WORK REQUEST —
Output the records precisely as they stand. Pictures are to be skipped.

··· RECORDED DATA ···

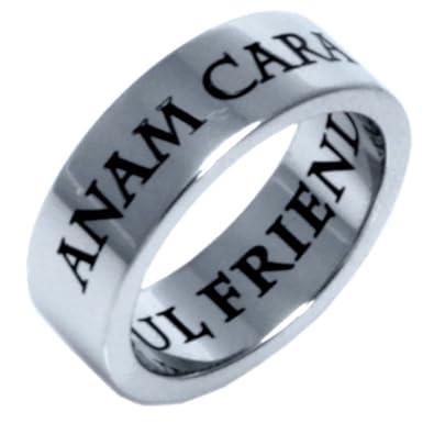 High quality stainless steel ring etched with Celtic text "Anam Cara" (top) and "Soul Friend" (inside). Hypo-allergenic.
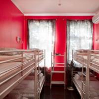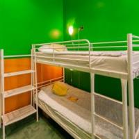 The air-conditioned dormitories at Bear Hostel on Mayakovskaya feature brightly coloured walls. The shared bathrooms are located in the hallway.
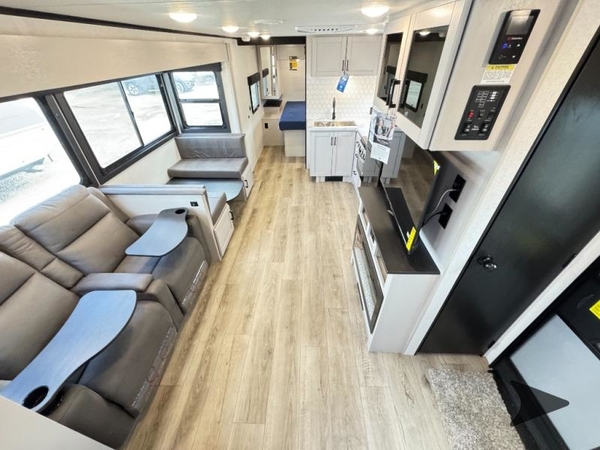 This travel trailer with a full rear bath is sure to bring you comfort wherever you camp. The front private bedroom with queen bed and dual wardrobes will have you feeling right at home. You can enjoy home cooked meals while at the campsite thanks to the three-burner cooktop and 11 cu. ft. 12V refrigerator, plus there is a walk-in pantry to store all of your favorite snacks along with a stainless-steel sink. The tri-fold sofa and booth dinette within the slide out offer comfortable places to relax and dine, both of them acting as extra sleeping space if needed. You can even cook breakfast outdoors using the outside kitchen and stay protected from the elements by the 19' power awning!
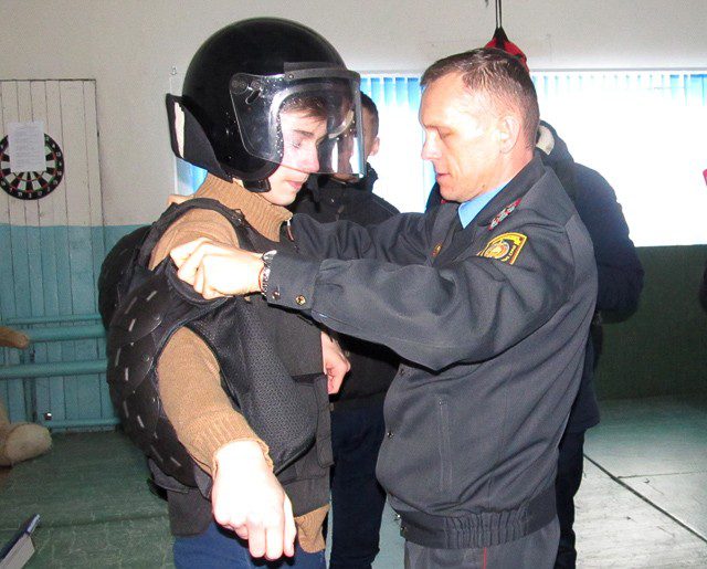 Для гостей была организована экскурсия по отделу: дежурная часть, комната для задержанных, спортивный зал, в котором сотрудники отрабатывают приемы рукопашного боя и самозащиты, а также поддерживают себя в отличной физической форме. Ребятам показали обмундирование и спецсредства, оружие, с которыми сотрудники проходят службу. Михаила Святославовича и старшего инспектора группы кадров райотдела Сергея Силкова об особенностях и применении спецоборудования расспрашивали не только мальчики, но и с немалым интересом — девочки. Желающие даже примерили элементы обмундирования.
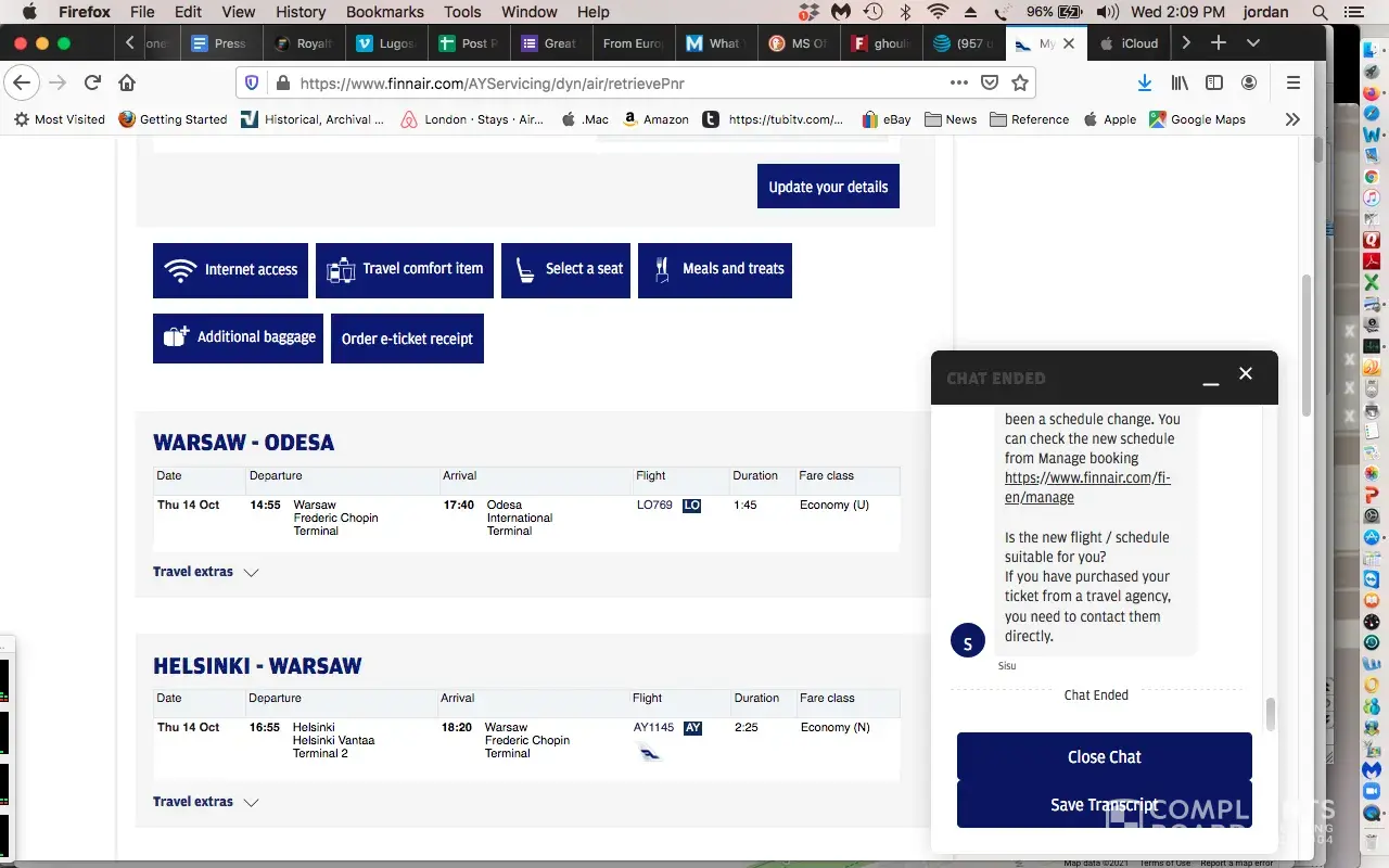 *Helsinki-Warsaw-Odessa flights — note the flight to Odessa [top] departs before the flight from Helsinki arrives.

···

ANSWER SPACE —
 High quality stainless steel ring etched with Celtic text "Anam Cara" (top) and "Soul Friend" (inside). Hypo-allergenic.
 The air-conditioned dormitories at Bear Hostel on Mayakovskaya feature brightly coloured walls. The shared bathrooms are located in the hallway.
 This travel trailer with a full rear bath is sure to bring you comfort wherever you camp. The front private bedroom with queen bed and dual wardrobes will have you feeling right at home. You can enjoy home cooked meals while at the campsite thanks to the three-burner cooktop and 11 cu. ft. 12V refrigerator, plus there is a walk-in pantry to store all of your favorite snacks along with a stainless-steel sink. The tri-fold sofa and booth dinette within the slide out offer comfortable places to relax and dine, both of them acting as extra sleeping space if needed. You can even cook breakfast outdoors using the outside kitchen and stay protected from the elements by the 19' power awning!
 Для гостей была организована экскурсия по отделу: дежурная часть, комната для задержанных, спортивный зал, в котором сотрудники отрабатывают приемы рукопашного боя и самозащиты, а также поддерживают себя в отличной физической форме. Ребятам показали обмундирование и спецсредства, оружие, с которыми сотрудники проходят службу. Михаила Святославовича и старшего инспектора группы кадров райотдела Сергея Силкова об особенностях и применении спецоборудования расспрашивали не только мальчики, но и с немалым интересом — девочки. Желающие даже примерили элементы обмундирования.
 *Helsinki-Warsaw-Odessa flights — note the flight to Odessa [top] departs before the flight from Helsinki arrives.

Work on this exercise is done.